Only the pictures are to be left out; the listing itself is repeated exactly.

Data extract below:

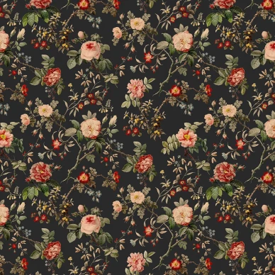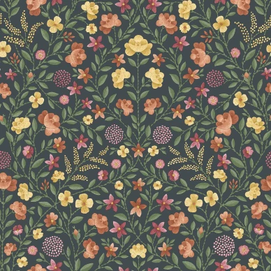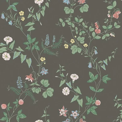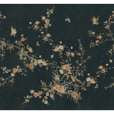 Blomslinga suurikuvioinen kukkatapetti vanhanaikaisella kuosilla. Elegantti tapetin kuvio on peräisin 1862 ja on sen ajan ylellinen kuvio.
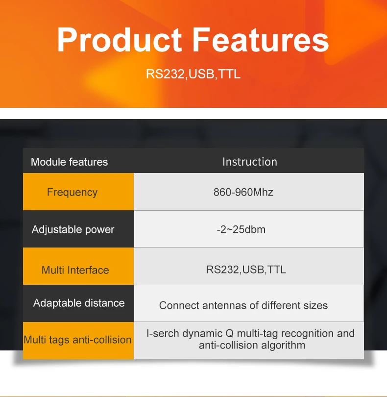 Frequency: 865-868MHZ(EU Standard),902-928MHZ(US Standard)
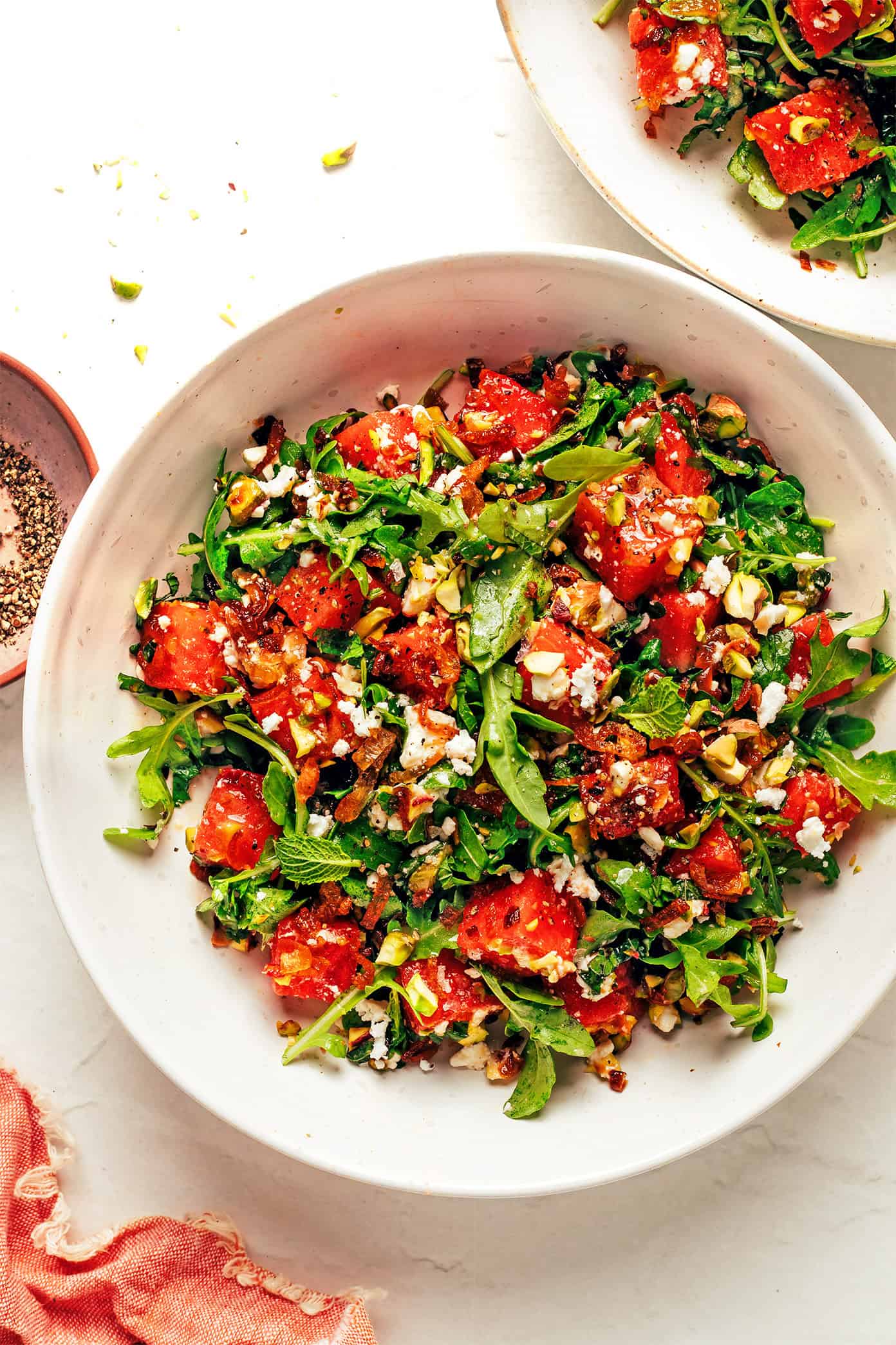 2. Assemble the salad. In a large mixing bowl, combine the watermelon, arugula, feta, half of the pistachios, half of the shallots and mint. Drizzle evenly with the vinaigrette. Toss very gently until combined.

End of Data extract.

▶ **Answer**:
 Blomslinga suurikuvioinen kukkatapetti vanhanaikaisella kuosilla. Elegantti tapetin kuvio on peräisin 1862 ja on sen ajan ylellinen kuvio.
 Frequency: 865-868MHZ(EU Standard),902-928MHZ(US Standard)
 2. Assemble the salad. In a large mixing bowl, combine the watermelon, arugula, feta, half of the pistachios, half of the shallots and mint. Drizzle evenly with the vinaigrette. Toss very gently until combined.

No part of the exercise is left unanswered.